We'll have a better Games without all this ballyhoo

Will Self
26 Aug 2008


What an undiluted pleasure it was to see Mayor Boris cock up the flag-handing-over at the closing ceremony of the Beijing Olympic Games.

While the dour Communist apparatchik handled the banner with savage regimentation, Boris was cheerily incapable of waving the thing even in the windless surroundings of the Bird's Nest stadium. It made my heart swell with Cockney pride. As did the arrival of the hokey old London bus, complete with a "queue" of cheeky chappies and chappesses, all frantically gurning and gyrating.

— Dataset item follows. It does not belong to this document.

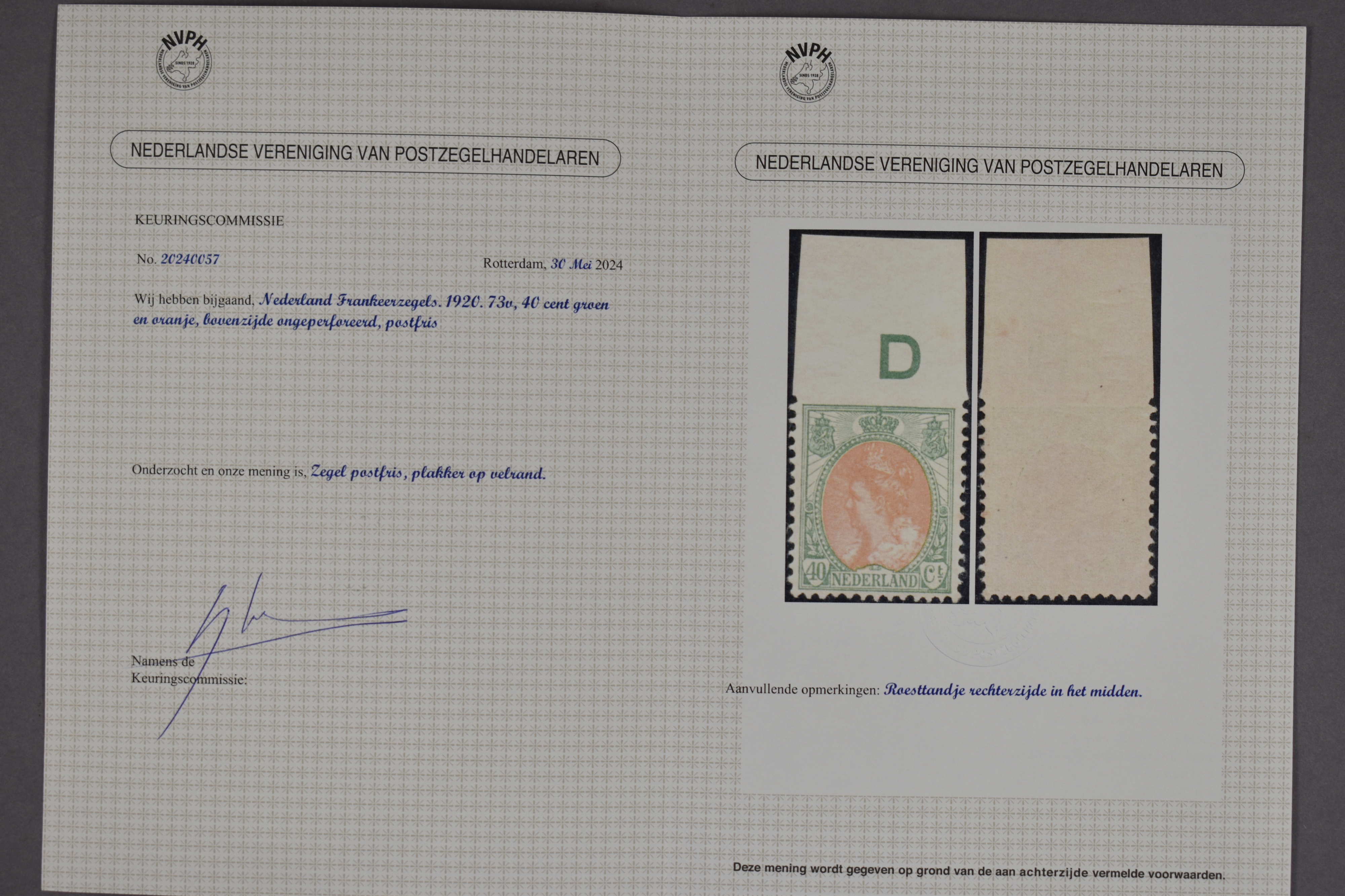 73v, 40 cent groen en oranje met variëteit: "bovenzijde ongeperforeerd", postfris prachtex. met minimaal roestpuntje en klein plakkerrestje aan de bovenzijde van de velrand. Certificaat NVPH € 6000 (Image) (Image2)

For me, this all signalled that yes, the London 2012 games will indeed be a different affair from the Chinese ones. They were all efficiency at any cost, and opening and closing ceremonies that, far from being " beautiful", were in fact a demonstration of the ant-like de-individualisation suffered by the ordinary citizens of this eastern despotism.

The Chinese may execute thieves in their stadiums but Bumbling Boris doesn't look capable of swatting a fly in one of ours. He may affect a sweatband and ride a fold-away bike, but never in your wildest dreams could you picture the Mayor as a poster-boy for physical beauty.

Frankly, Ken would have been a far more frightening-prospect as Gamesmeister, what with his sharp suits and brazen embrace of demagoguery.

I have a sneaking suspicion that Boris doesn't really like all the corporate ballyhoo that's already surrounding the London Games. Moreover, a formidable classicist himself, he cannot be unaware that the modern games once had rather more high-minded aspirations: to foster excellence without regard for narrow, nationalist considerations.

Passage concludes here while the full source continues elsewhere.